# Exercise brief
Would you transcribe the entries below, beginning at the line with "Podczas zajęć rozwijających" and ending after the line with "Nábytkový set Cersanit", exactly, with no picture and nothing more?

# Records

------------------------------------------------------------

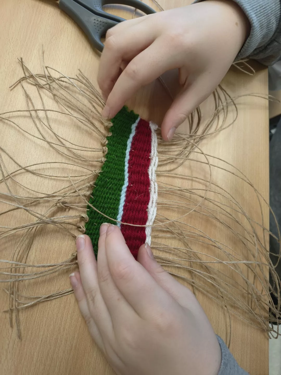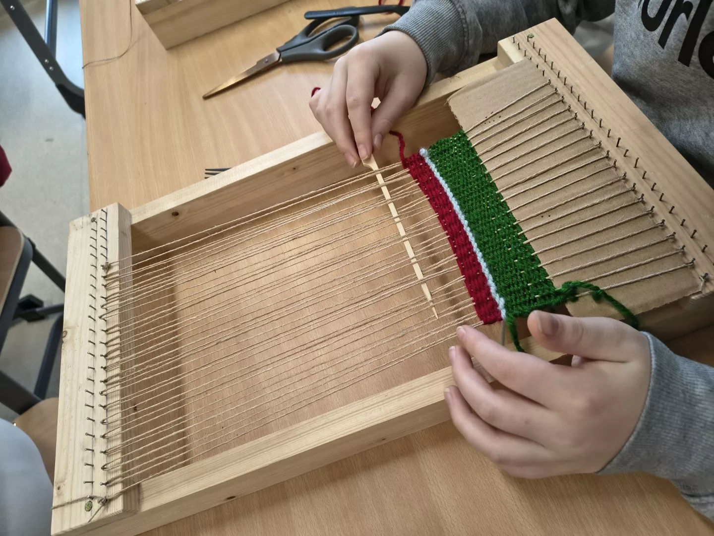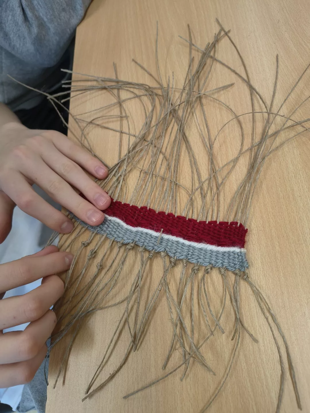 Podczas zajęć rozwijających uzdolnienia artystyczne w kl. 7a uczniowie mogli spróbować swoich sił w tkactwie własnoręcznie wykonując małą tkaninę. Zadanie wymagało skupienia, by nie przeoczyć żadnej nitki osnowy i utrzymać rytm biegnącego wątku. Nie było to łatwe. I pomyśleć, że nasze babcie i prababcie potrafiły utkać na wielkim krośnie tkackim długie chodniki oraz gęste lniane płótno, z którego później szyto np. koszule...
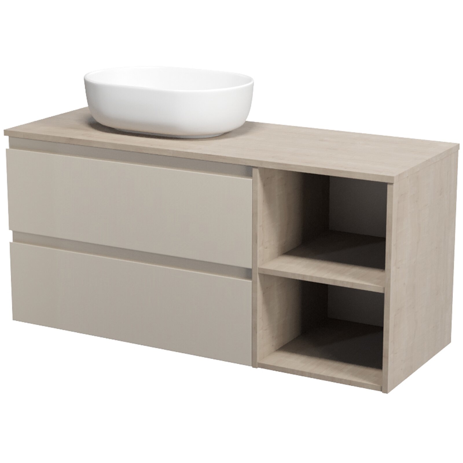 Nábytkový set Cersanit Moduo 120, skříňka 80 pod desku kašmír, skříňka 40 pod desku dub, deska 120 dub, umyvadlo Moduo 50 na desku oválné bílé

------------------------------------------------------------

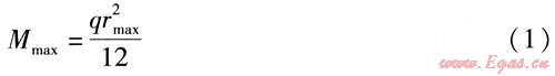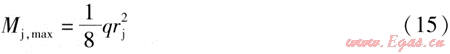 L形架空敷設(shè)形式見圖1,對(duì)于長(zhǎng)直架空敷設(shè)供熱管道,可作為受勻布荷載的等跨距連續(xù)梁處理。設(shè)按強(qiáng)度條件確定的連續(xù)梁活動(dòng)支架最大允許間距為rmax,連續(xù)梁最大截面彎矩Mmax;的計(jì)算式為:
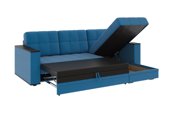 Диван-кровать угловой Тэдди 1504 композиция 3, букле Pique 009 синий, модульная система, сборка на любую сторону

------------------------------------------------------------

# Finished exercise
 Podczas zajęć rozwijających uzdolnienia artystyczne w kl. 7a uczniowie mogli spróbować swoich sił w tkactwie własnoręcznie wykonując małą tkaninę. Zadanie wymagało skupienia, by nie przeoczyć żadnej nitki osnowy i utrzymać rytm biegnącego wątku. Nie było to łatwe. I pomyśleć, że nasze babcie i prababcie potrafiły utkać na wielkim krośnie tkackim długie chodniki oraz gęste lniane płótno, z którego później szyto np. koszule...
 Nábytkový set Cersanit Moduo 120, skříňka 80 pod desku kašmír, skříňka 40 pod desku dub, deska 120 dub, umyvadlo Moduo 50 na desku oválné bílé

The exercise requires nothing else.